Na faculdade Maurício, vivido pelo excelente ator Juan Paiva, também observa que os corpos que servem de estudo no laboratório de anatomia são todos os negros e começa a desconfiar que entre eles possam estar os desaparecidos. Um corpo em particular o atormenta e ele começa a ver o jovem negro no terreiro de candomblé, como se sua alma estivesse pedindo alguma coisa.  

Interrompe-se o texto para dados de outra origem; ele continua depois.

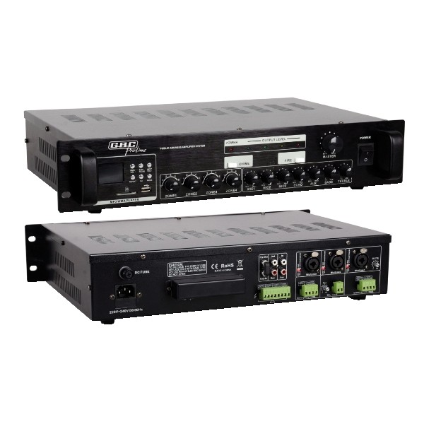 Amplificatore Professionale integrato di potenza adatto per le applicazioni Public Address più diversificate e impegnative. Terminali a vite per output 4 zone con controlli separati. Lettore USB / SD. 3 ingressi Mic XLR/6,3mm. Ingresso Phantom 48V. Ingresso Aux. Uscita REC. Uscita PRE-AMP. Ingresso AMP. Uscita PA a 70V / 100V. Uscita 4-8 Ohm per la connessione di un sistema di altoparlanti passivo. Connessione MIC con funzione di priorità. Ingresso e tasto per annunci (chime). Ingresso e tasto per allarme incendio (fire). Ingresso TEL. Ingresso allarme. VU meter. Funzione "ECHO". Controlli regolazione toni alti e bassi. Doppia alimentazione (115/230Vca - 24Vcc,10A). Dimensioni (LxAxP): 484 x 89 x 340 mm.

A partir daí a trama vai se construindo com Maurício se aproximando das mulheres que protestam diariamente. Além disso ele mesmo corre o risco de ser mais um desaparecido quando, saindo de uma festa num bairro rico, se depara com a polícia assassina e racista. O trabalho, dirigido por Jeferson De ganhou o prêmio de melhor filme no Festival do Rio de 2019 e conta também com a atuação maravilhosa de Mariana Nunes que faz a mãe de Maurício. Ela está sublime. Não é um daqueles grandes filmes, tem alguma falhas de roteiro, mas ao escancarar na tela grande esse genocídio sem fim da população negra de maneira sensível e delicada, ele nos arrebata. Impossível não se indignar e se emocionar com o seu final.  

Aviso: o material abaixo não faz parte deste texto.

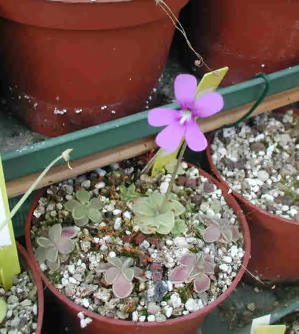 Pinguicula from 'Tehuacan' flowering from late summer rosette. Photo: Eric Partrat - September 02 - |

M-8 deixa de ser apenas um cadáver sem nome para se transformar no corpo unificado de uma juventude que clama pela vida.  

Está no Netflix e deve ser visto. É brasileiro e diz da nossa vida cotidiana. 

Asas do desejo


 A dica de hoje é um dos filmes mais lindos e impactantes já feitos. Asas do desejo, do diretor alemão Wim Wenders. Conta a história de um anjo que, cansado de sua existência espiritual, de compartilhamento do cotidiano com os humanos, sem poder sentir como eles de verdade, decide tornar-se mortal. Alguém que sendo “para sempre”, precisa do “agora” para se completar. Na primeira parte do filme ele caminha entre os humanos, cumprindo sua missão de anjo, ouvindo suas dores e compadecendo-se deles. O texto é fenomenal. O casamento perfeito entre a simplicidade e a complexidade dos sentimentos humanos. Corre mais de uma hora nesse encontro intimista e profundo. 

Numa das partes do filme, lá pela metade, os anjos conversam sobre o começo de tudo, da terra, da humanidade. E lembram como tudo era bonito até que um homem atacou outro e teve início a guerra. “Mas a outra parte, a de antes da guerra, também existe ainda hoje”, diz um deles, querendo redimir os homens. O filme mostra a impotência dos anjos, tentando confortar os humanos. Um cuidar sem poder.  

O amor por uma trapezista faz um dos anjos querer ser mortal e, uma insólita conversa com um mortal que parece vê-lo, o faz decidir. Ele se jogará no rio, e virá para o mundo terreno. “Olhar de cima não é olhar”, diz, pronto para humanizar-se e viver as delícias do cotidiano. Mas, jogar-se no rio acaba não sendo necessário. O anjo dorme e desperta com uma armadura caindo sobre sua cabeça.  Sente dor, e sorri. Está vivo. E, no espanto da vida, acaba conhecendo o que nenhum outro anjo jamais conheceu: o amor. 

O filme é cheio de referências históricas sobre o nazismo, os crimes contra os judeus, o muro.  O filme é ele mesmo um espanto. Feito para almas que sabem ver. Pode ser encontrado, de graça , no Youtube.